Interesting discussion.

I've been chatting with the software director here, and he is very much against multi-thread and instead pushing me to use a multi-process solution. This may make more sense when reading helio's message which said that threads are best used when they have finite lifespan and need no synchronization.

I have a good interface defined for these two threads to run without synchronization which is good, but then I suppose multi-processes work just as well. I'd love to go multi-thread though because it is "the future" and this advance in technology would probably make our next few projects much easier.

In terms of shared data, all of the components read to and write from a massive (300kb) shared memory. Fortunately it is sequential so that we can mutex specific segments of the memory at a time.
threads are best used when they have finite lifespan

I would say the opposite, they are best used if their lifetime matches the lifetime of the program.

we can mutex specific segments of the memory at a time.

That's just another coarse lock. Perhaps you have non-thread-safe code to link?

(also, 300kb shared memis massive? I'm annoyed at IBM for their 3Gb limit, but they have ridiculous memory addressing)

I'd love to go multi-thread though because it is "the future"
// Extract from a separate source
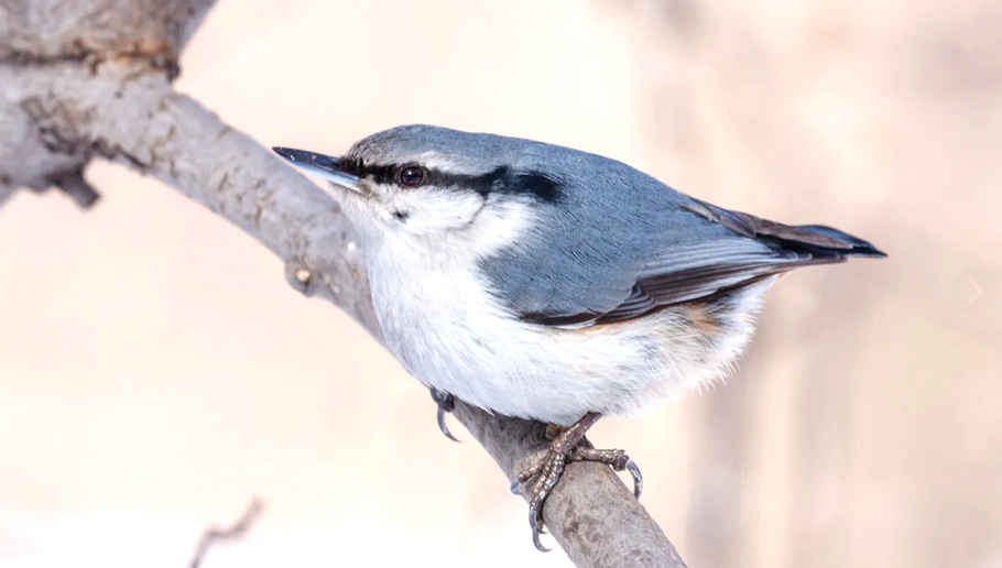Голова: Голова поползня выглядит довольно крупной по сравнению с телом. На ней выделяется черная полоска, проходящая через глаз, напоминающая "маску" разбойника. Эта полоска начинается от клюва, проходит через глаз и уходит к затылку, придавая птице немного озорной вид. Над глазом проходит тонкая белая бровь, которая контрастирует с темной полосой.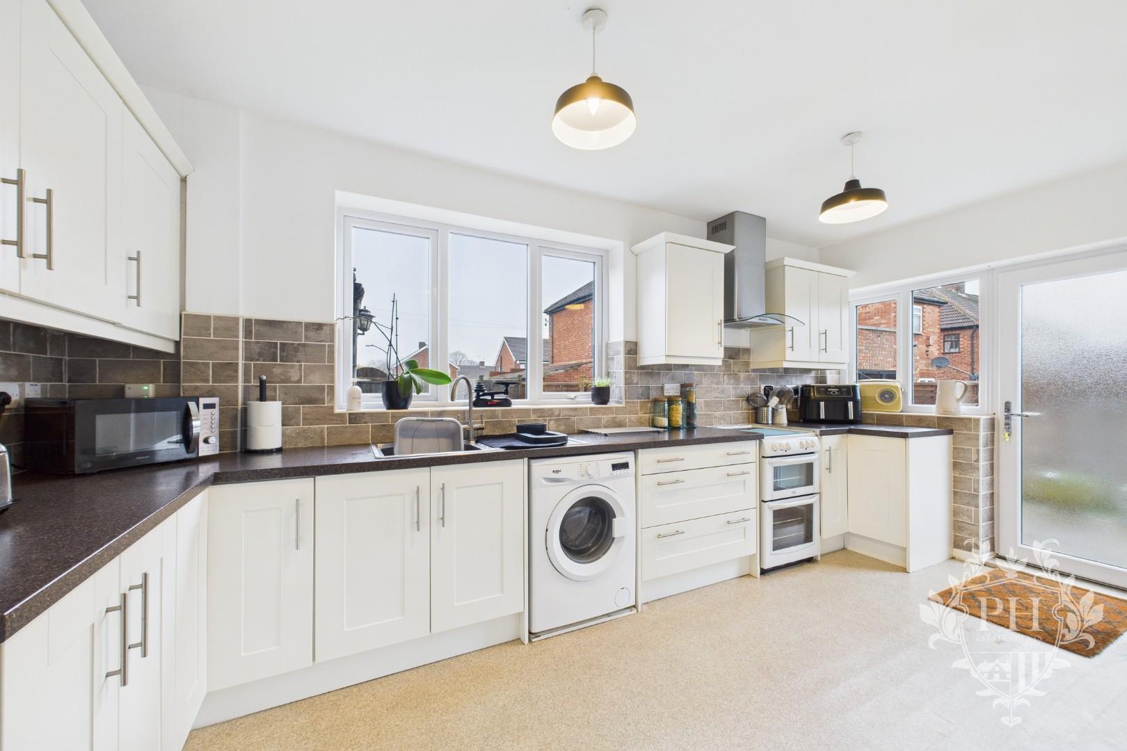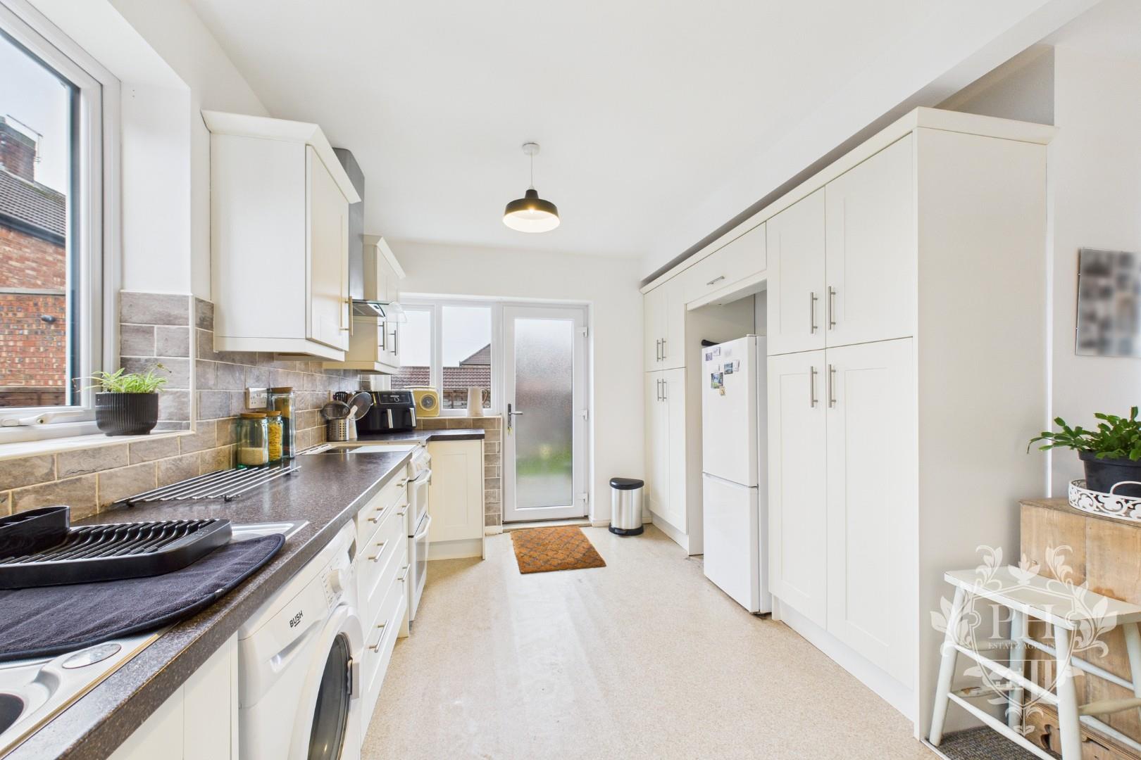 The kitchen features an extensive range of cream wall, base, and drawer units, complemented by contrasting dark worktops, and offers generous space for free-standing appliances. The room benefits from a UPVC double-glazed door providing access to the rear garden, along with a UPVC double-glazed window to the side aspect, allowing plenty of natural light.

I think some people here are trying to say it's "the past" :)
I have a good interface defined for these two threads to run without synchronization which is good, but then I suppose multi-processes work just as well. I'd love to go multi-thread though because it is "the future" and this advance in technology would probably make our next few projects much easier.
The only difference between these two configurations:

process A{[thread 0], [thread 1]}
-
process A{[thread 0]}
process B{[thread 1]}

is that one has separate address spaces for its threads. Personally, I would default to threads unless there are special considerations (e.g. you might not want possible errors in one workload to propagate to other workloads), if only because threads make for a slightly neater codebase. Plus, inter-thread communication mechanisms are generally better known than their inter-process counterparts.
Cubbi, ok, at worst, it's the present and I need to catch up. But where are we going to go from here? Processors aren't getting any faster, just more cores.
where are we going to go from here

fibers, strands, whatever you call them. Intel Cilk Plus is probably what it's gonna look like in C++. I don't see it as a replacement though, just as a tool that covers the problem cases where threads aren't all that suitable.